The debate between Sandy McBurney (Letters, July 3) and Jack Conrad (‘Sinking loyalism and lifeboat nationalism’, June 26) on the Scottish referendum is welcome because it raises the question of how Marxists can contribute to an understanding of nationalism and how to defeat it.

Marxists oppose contemporary nationalism - the popular doctrine that people with a shared language or culture should form separate national states - on the grounds that it is a form of cross-class alliance. This alliance is formed between small business people, sections of the intelligentsia and part of the unemployed masses. It attempts to draw into its influence both capitalists and workers.

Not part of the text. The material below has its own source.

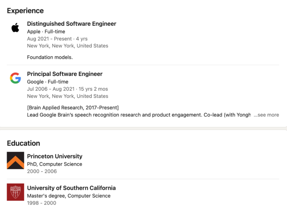 毕业后在 Google 工作约15年,参与大规模系统与基础设施开发,然后在 Apple 负责基础模型团队,管理百人规模工程体系。

Nationalism within a declining capitalism is of a different nature than during its ascendant phase. In the 19th century, nationalism destroyed feudal relations that held back workers’ movements towards socialism. In a post-Stalinist world, nationalism is no longer progressive. It is part of a panoply of controls over workers. These have the potential to bring into being barbarism. For example, there are no instances of struggles for national liberation within the last 70 years that have advanced the struggle for socialism. On the contrary, they have retarded or actively destroyed it.

Stalinism - the doctrine that proclaims it is possible to build socialism in one country - is the key to understanding this historical difference. Stalinism grew out of the nationalisation of the Soviet economy. Its apologists and fellow travellers supported nationalisation and the extension of the public sector wherever they had influence. The public sector created a large social group of educated workers who see their interests as lying with the state. It is a section of this intelligentsia in the arts, education, health, housing and social care who now see nationalism as more congenial than Labourism to the progress of their interests in Scotland.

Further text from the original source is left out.